There's also a guerilla group that fills potholes in Seattle.

------
duxup
Not far from me there was an indication to take an exit to get to another
highway... but then no indication that you have to exit again to get to that
highway. It was a sort of "go here to get there and then you're on your own"
sort of sign.

I thought about doing something similar, but only as an amusing thought.

Fortunately they fixed the sign a few months later and gave extra indications
where you needed to go.

------
codazoda
I dunno if this story is authentic...

In high school, a teacher told me about an artist who was applying for a job.
The application required three pieces of art. The artist included two pieces
of art and a note explaining that the third piece was the postage stamp drawn
on the front.

------
triyambakam
These are the best kind of hacks. And it makes me think about the high
barriers that end up around fixing things like this. If he had tried to make
an appeal to get it fixed through official channels, how long would it have
taken? Would it have been fixed?

------
y-c-o-m-b
I've fantasized about doing this very thing for years!

There's a location here in Oregon that fails to tell motorists of a major
traffic merge coming. If you miss the merge, you exit the freeway. Granted
it's not difficult to get back on, but there's no way to know this in advance.
Prior to the pandemic - at _minimum_ once a month - there would be a traffic
incident here because people don't get any warning this merge is coming up so
make drastic changes at the last second.

Here's the location on street view. Notice there's nothing indicating a merge
is coming on the far right lane:
[https://www.google.com/maps/@45.3709178,-122.7485804,3a,75y,...](https://www.google.com/maps/@45.3709178,-122.7485804,3a,75y,264.53h,84.9t/data=!3m6!1e1!3m4!1sF7hEjMeKbyFey8qK-
gSq5g!2e0!7i16384!8i8192)

Once you enter the turn to go right, still no indication of an upcoming merge:
[https://www.google.com/maps/@45.3703302,-122.7526115,3a,75y,...](https://www.google.com/maps/@45.3703302,-122.7526115,3a,75y,316.55h,83.31t/data=!3m6!1e1!3m4!1s9VrfwE5_IfPwIRE3Mijofg!2e0!7i16384!8i8192)

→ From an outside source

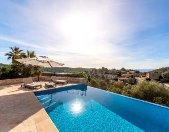 A true highlight is the heated saltwater infinity pool with sea views reaching as far as Santa Ponsa. The sauna, with its panoramic views over the surrounding landscape, provides the perfect place to unwind. The expansive plot includes an orchard, olive trees, and a barbecue area with a pizza oven.

Here's the merge, but notice that it's not until further ahead that you're now
being notified the far right lane is an exit lane:
[https://www.google.com/maps/@45.37444,-122.7554676,3a,75y,13...](https://www.google.com/maps/@45.37444,-122.7554676,3a,75y,13.91h,65.91t/data=!3m6!1e1!3m4!1s91DvBwi8GWQF4vluqkXppA!2e0!7i16384!8i8192)

Result? A daily traffic nightmare and constant near-death experiences.

EDIT: BTW Google Maps makes it look like you have plenty of time to move from
the exit lane and back onto the free-way, but it's an illusion. People are
flying at high speeds on the left and you only have several seconds to get
into the correct lane.

EDIT: Forgot to mention this funny part. Conversely on the other side of
traffic for that same freeway (I-205), they DO make use of adequate signage.
Here's one that shows a merge is coming up:
[https://www.google.com/maps/@45.370089,-122.749564,3a,75y,52...](https://www.google.com/maps/@45.370089,-122.749564,3a,75y,52.45h,73.62t/data=!3m6!1e1!3m4!1sG_81ikj7rlgw4vDllYczHw!2e0!7i16384!8i8192)

About two miles down, they notify you well ahead of time that the far right
lane will be an exit lane:
[https://www.google.com/maps/@45.373263,-122.7342592,3a,75y,8...](https://www.google.com/maps/@45.373263,-122.7342592,3a,75y,82.24h,78.57t/data=!3m6!1e1!3m4!1sP5MeCDRt-
MmPUMDV5-MARw!2e0!7i16384!8i8192)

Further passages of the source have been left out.